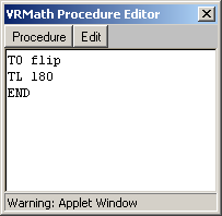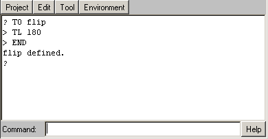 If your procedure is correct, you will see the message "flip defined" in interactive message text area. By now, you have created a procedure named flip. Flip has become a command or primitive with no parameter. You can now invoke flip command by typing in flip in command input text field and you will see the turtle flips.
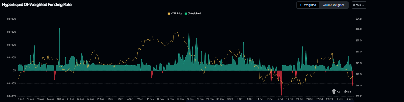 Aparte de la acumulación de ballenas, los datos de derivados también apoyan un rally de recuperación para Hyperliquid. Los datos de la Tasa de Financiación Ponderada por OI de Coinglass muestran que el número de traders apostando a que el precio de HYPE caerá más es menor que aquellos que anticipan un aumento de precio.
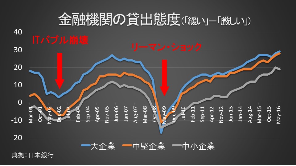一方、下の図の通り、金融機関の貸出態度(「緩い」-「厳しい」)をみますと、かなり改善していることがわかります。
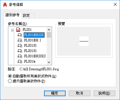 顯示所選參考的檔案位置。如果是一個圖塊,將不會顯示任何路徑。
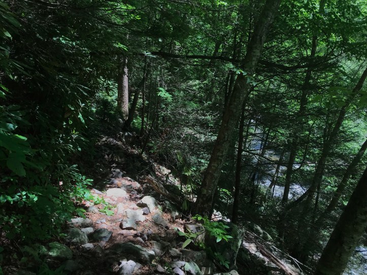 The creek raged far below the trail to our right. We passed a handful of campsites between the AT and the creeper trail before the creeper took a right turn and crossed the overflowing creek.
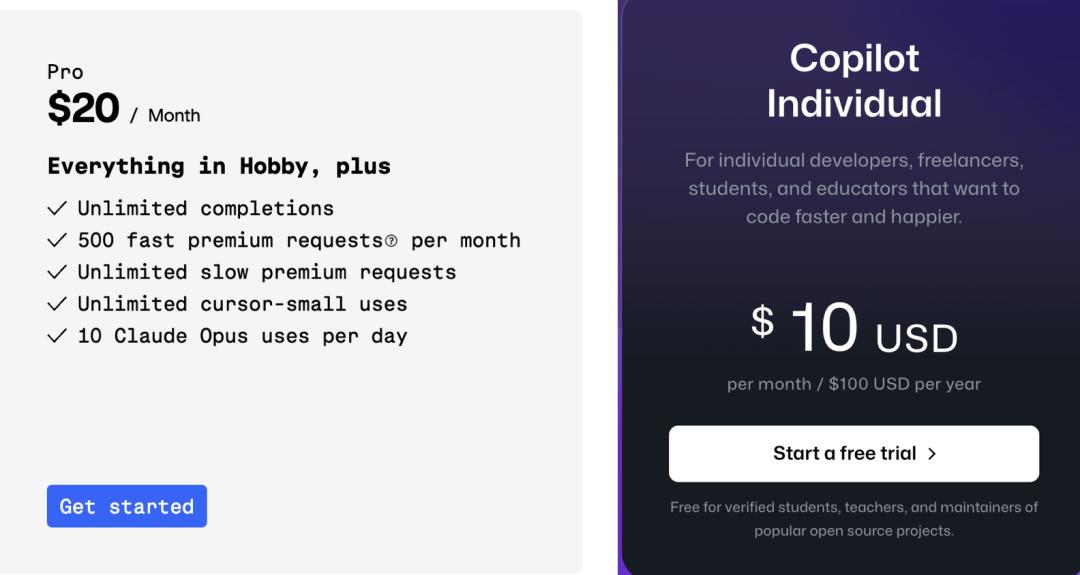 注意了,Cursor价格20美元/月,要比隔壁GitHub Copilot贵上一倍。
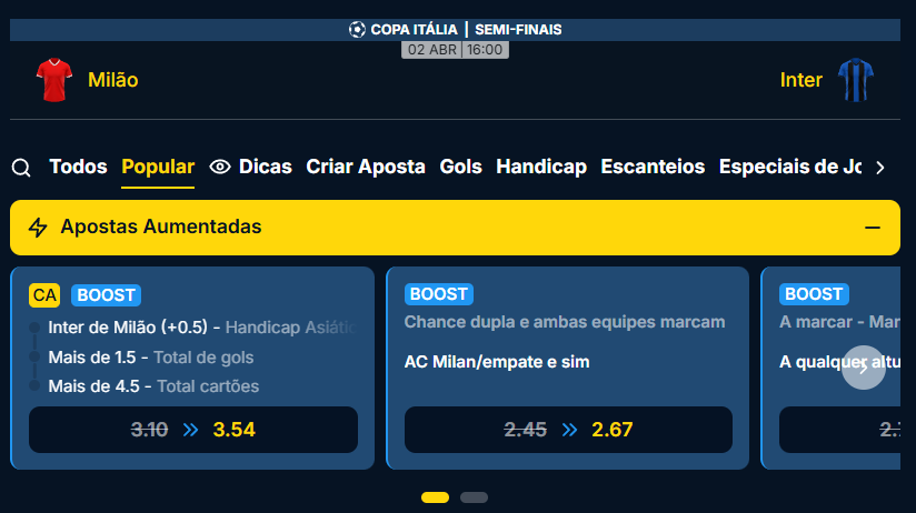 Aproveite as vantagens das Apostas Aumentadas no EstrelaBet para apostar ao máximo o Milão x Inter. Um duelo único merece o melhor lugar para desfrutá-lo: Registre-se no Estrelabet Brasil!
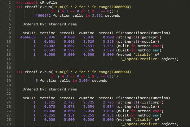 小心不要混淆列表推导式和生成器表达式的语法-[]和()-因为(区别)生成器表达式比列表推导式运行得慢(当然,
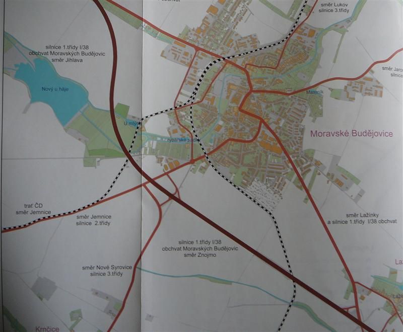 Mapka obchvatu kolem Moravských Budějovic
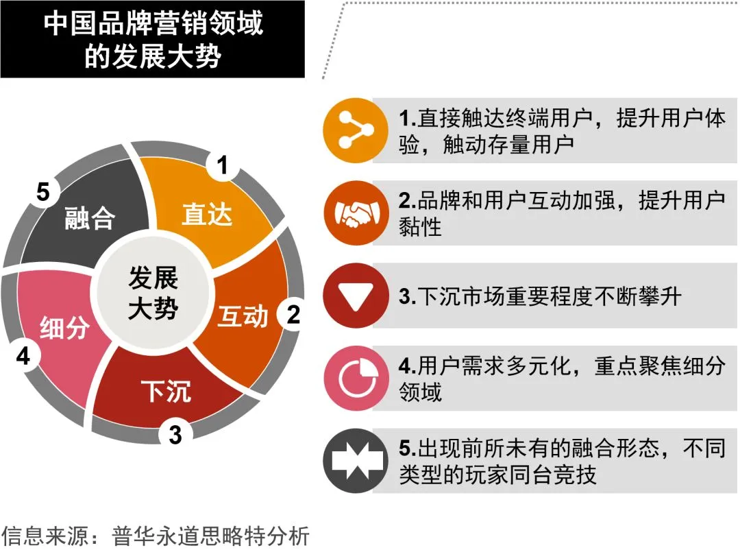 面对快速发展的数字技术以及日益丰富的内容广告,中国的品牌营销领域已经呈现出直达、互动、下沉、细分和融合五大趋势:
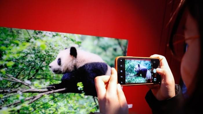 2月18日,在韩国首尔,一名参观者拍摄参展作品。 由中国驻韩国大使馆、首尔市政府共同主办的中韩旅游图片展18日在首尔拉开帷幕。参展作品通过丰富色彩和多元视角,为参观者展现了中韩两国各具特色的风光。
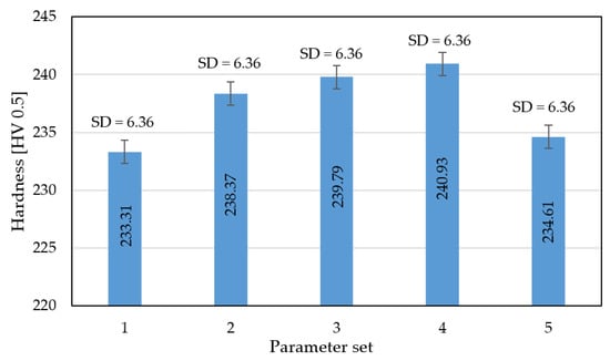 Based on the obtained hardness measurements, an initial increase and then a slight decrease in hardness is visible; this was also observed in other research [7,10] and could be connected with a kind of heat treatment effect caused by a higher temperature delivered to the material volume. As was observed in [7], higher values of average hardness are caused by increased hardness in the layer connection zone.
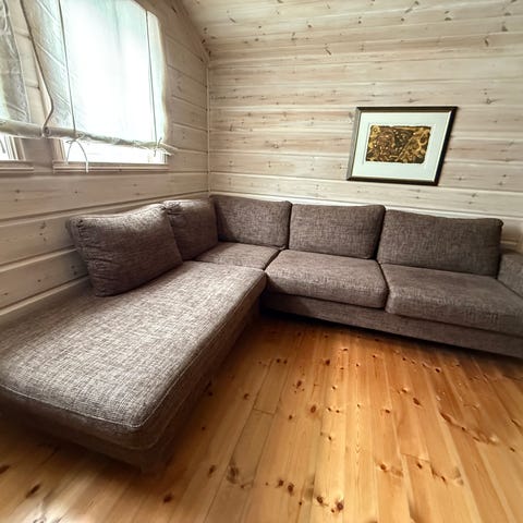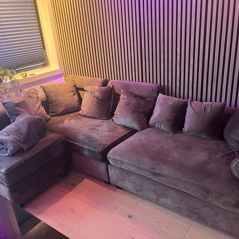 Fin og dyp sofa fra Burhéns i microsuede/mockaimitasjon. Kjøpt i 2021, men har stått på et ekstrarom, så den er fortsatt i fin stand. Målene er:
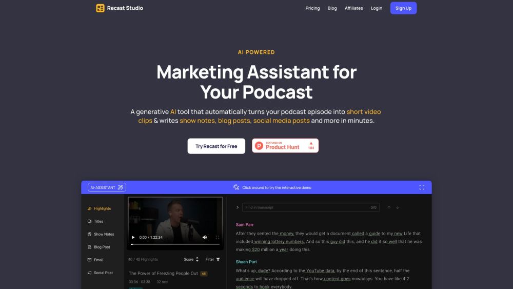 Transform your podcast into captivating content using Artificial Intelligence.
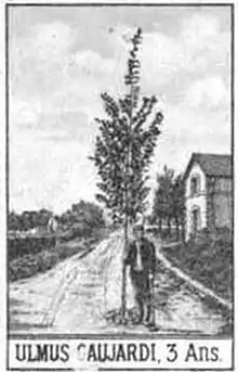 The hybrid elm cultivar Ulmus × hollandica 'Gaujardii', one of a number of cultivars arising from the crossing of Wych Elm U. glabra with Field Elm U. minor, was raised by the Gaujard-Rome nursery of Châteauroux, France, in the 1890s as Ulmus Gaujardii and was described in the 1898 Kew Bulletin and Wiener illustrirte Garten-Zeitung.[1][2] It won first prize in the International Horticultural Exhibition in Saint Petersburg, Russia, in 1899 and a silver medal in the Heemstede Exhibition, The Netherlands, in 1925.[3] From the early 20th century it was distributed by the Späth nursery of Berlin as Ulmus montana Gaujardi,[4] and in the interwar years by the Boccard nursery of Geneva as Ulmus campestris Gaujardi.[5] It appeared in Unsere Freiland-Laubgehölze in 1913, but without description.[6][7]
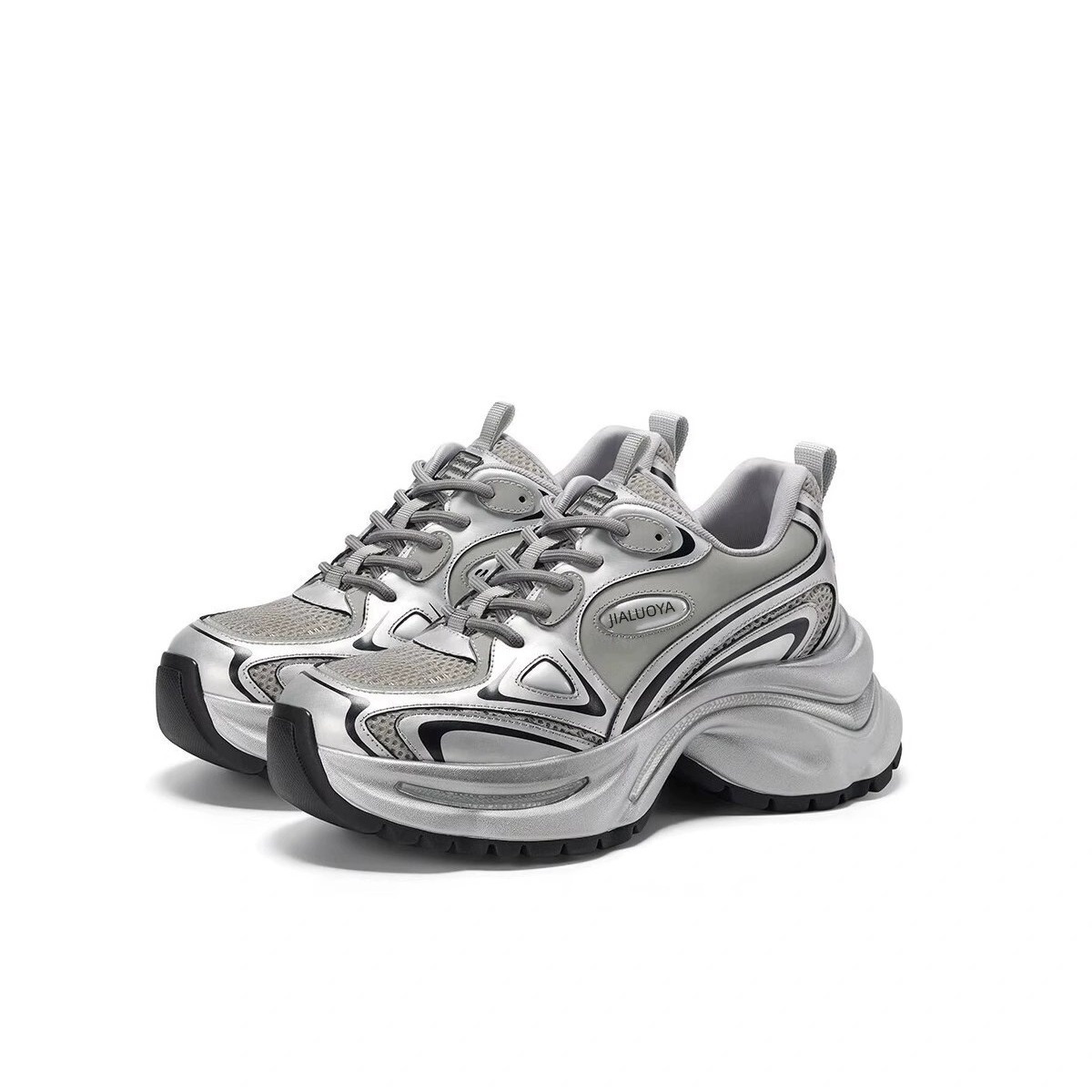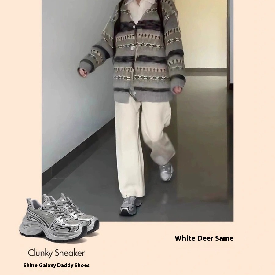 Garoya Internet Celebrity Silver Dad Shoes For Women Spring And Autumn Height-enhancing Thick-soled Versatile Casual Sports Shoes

→ Task to carry out: Give the lines of the entries above exactly as they appear, leaving out each picture.

→ Result:
 If your procedure is correct, you will see the message "flip defined" in interactive message text area. By now, you have created a procedure named flip. Flip has become a command or primitive with no parameter. You can now invoke flip command by typing in flip in command input text field and you will see the turtle flips.
 Aparte de la acumulación de ballenas, los datos de derivados también apoyan un rally de recuperación para Hyperliquid. Los datos de la Tasa de Financiación Ponderada por OI de Coinglass muestran que el número de traders apostando a que el precio de HYPE caerá más es menor que aquellos que anticipan un aumento de precio.
一方、下の図の通り、金融機関の貸出態度(「緩い」-「厳しい」)をみますと、かなり改善していることがわかります。
 顯示所選參考的檔案位置。如果是一個圖塊,將不會顯示任何路徑。
 The creek raged far below the trail to our right. We passed a handful of campsites between the AT and the creeper trail before the creeper took a right turn and crossed the overflowing creek.
 注意了,Cursor价格20美元/月,要比隔壁GitHub Copilot贵上一倍。
 Aproveite as vantagens das Apostas Aumentadas no EstrelaBet para apostar ao máximo o Milão x Inter. Um duelo único merece o melhor lugar para desfrutá-lo: Registre-se no Estrelabet Brasil!
 小心不要混淆列表推导式和生成器表达式的语法-[]和()-因为(区别)生成器表达式比列表推导式运行得慢(当然,
 Mapka obchvatu kolem Moravských Budějovic
 面对快速发展的数字技术以及日益丰富的内容广告,中国的品牌营销领域已经呈现出直达、互动、下沉、细分和融合五大趋势:
 2月18日,在韩国首尔,一名参观者拍摄参展作品。 由中国驻韩国大使馆、首尔市政府共同主办的中韩旅游图片展18日在首尔拉开帷幕。参展作品通过丰富色彩和多元视角,为参观者展现了中韩两国各具特色的风光。
 Based on the obtained hardness measurements, an initial increase and then a slight decrease in hardness is visible; this was also observed in other research [7,10] and could be connected with a kind of heat treatment effect caused by a higher temperature delivered to the material volume. As was observed in [7], higher values of average hardness are caused by increased hardness in the layer connection zone.
 Fin og dyp sofa fra Burhéns i microsuede/mockaimitasjon. Kjøpt i 2021, men har stått på et ekstrarom, så den er fortsatt i fin stand. Målene er:
 Transform your podcast into captivating content using Artificial Intelligence.
 The hybrid elm cultivar Ulmus × hollandica 'Gaujardii', one of a number of cultivars arising from the crossing of Wych Elm U. glabra with Field Elm U. minor, was raised by the Gaujard-Rome nursery of Châteauroux, France, in the 1890s as Ulmus Gaujardii and was described in the 1898 Kew Bulletin and Wiener illustrirte Garten-Zeitung.[1][2] It won first prize in the International Horticultural Exhibition in Saint Petersburg, Russia, in 1899 and a silver medal in the Heemstede Exhibition, The Netherlands, in 1925.[3] From the early 20th century it was distributed by the Späth nursery of Berlin as Ulmus montana Gaujardi,[4] and in the interwar years by the Boccard nursery of Geneva as Ulmus campestris Gaujardi.[5] It appeared in Unsere Freiland-Laubgehölze in 1913, but without description.[6][7]
 Garoya Internet Celebrity Silver Dad Shoes For Women Spring And Autumn Height-enhancing Thick-soled Versatile Casual Sports Shoes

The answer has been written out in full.